An open-source agent skill for Claude Code.

AI agents are probabilistic. The same spec produces different code every time — different designs, different bugs, different quality. A single attempt is a coin flip. Slot Machine gives you N coins and keeps the best one — or combines the best parts of each.

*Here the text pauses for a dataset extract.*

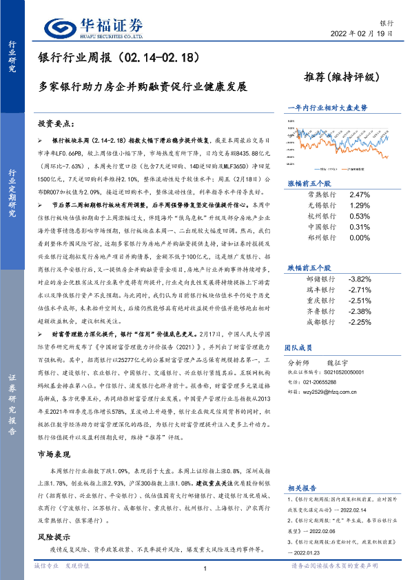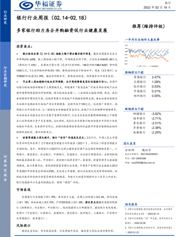 【华福证券】【20220219】银行行业周报:多家银行助力房企并购融资促行业健康发展-14页

Run N independent implementations of the same feature in parallel. Each gets reviewed by an independent agent that hunts for real bugs. A meta-judge compares all of them and makes one of three calls: pick the clear winner, synthesize the best elements from multiple implementations into something better than any individual, or reject all if none meet the bar.

What You Can Do

Run 3 competing implementations and pick the best one:

/slot-machine with 3 slots — Implement the payment webhook handler from PLAN.md

Three agents implement the same spec independently, each steered toward a different emphasis such as simplicity, robustness, or functional style. Independent reviewers hunt for bugs in each. A judge picks the winner — or synthesizes the best parts of several.

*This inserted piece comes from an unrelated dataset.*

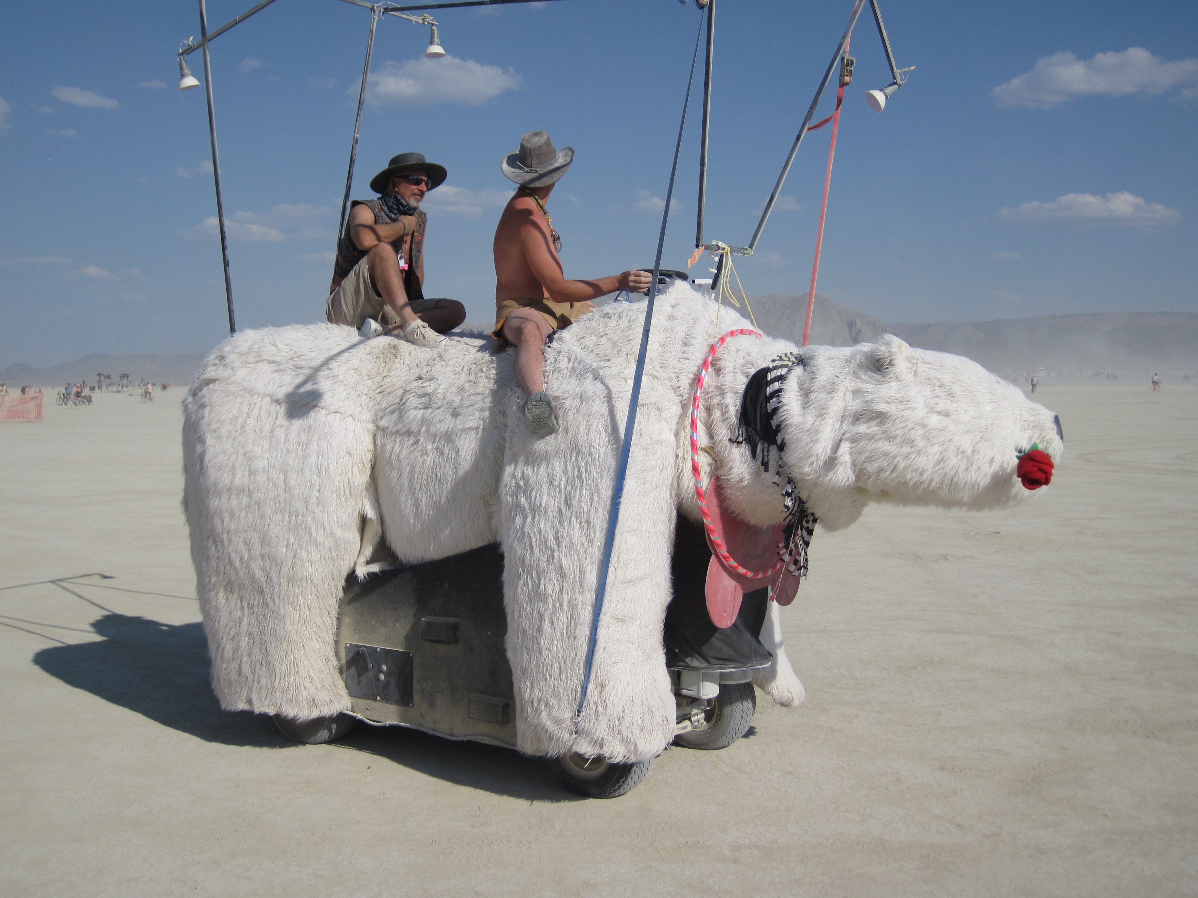 The Program lists a dozen ways to practice yoga and a few hundred ways to party. Or you can attend AA. You can write music, or cite poetry, or attend a film festival. Need a costume. You can pick one up for free. There are dozens of venues to view or practice fire art. Like to dance? There are opportunities ranging from the Tango to the Hokey Pokey. Lessons are provided. Parades go on 24/7. Dress up like a bunny or put on your little red dress and parade away.

Assign a different skill to each slot:

/slot-machine with /superpowers:test-driven-development and /ce:work — Build the rate limiter

Slot 1 follows TDD (tests first). Slot 2 follows CE patterns (codebase-aware). Same spec, different methodologies, best result wins.

Or even run some slots on Codex:

/slot-machine with /superpowers:test-driven-development, /ce:work, and codex — Implement the API

Three slots: Claude with TDD, Claude with CE patterns, and OpenAI Codex. Different models find different bugs — the evaluation pipeline reviews all of them the same way.

It works for writing too:

/slot-machine with profile: writing — Write the launch announcement

Each slot drafts with a different voice and structure. The judge picks the strongest draft or synthesizes the best elements from several.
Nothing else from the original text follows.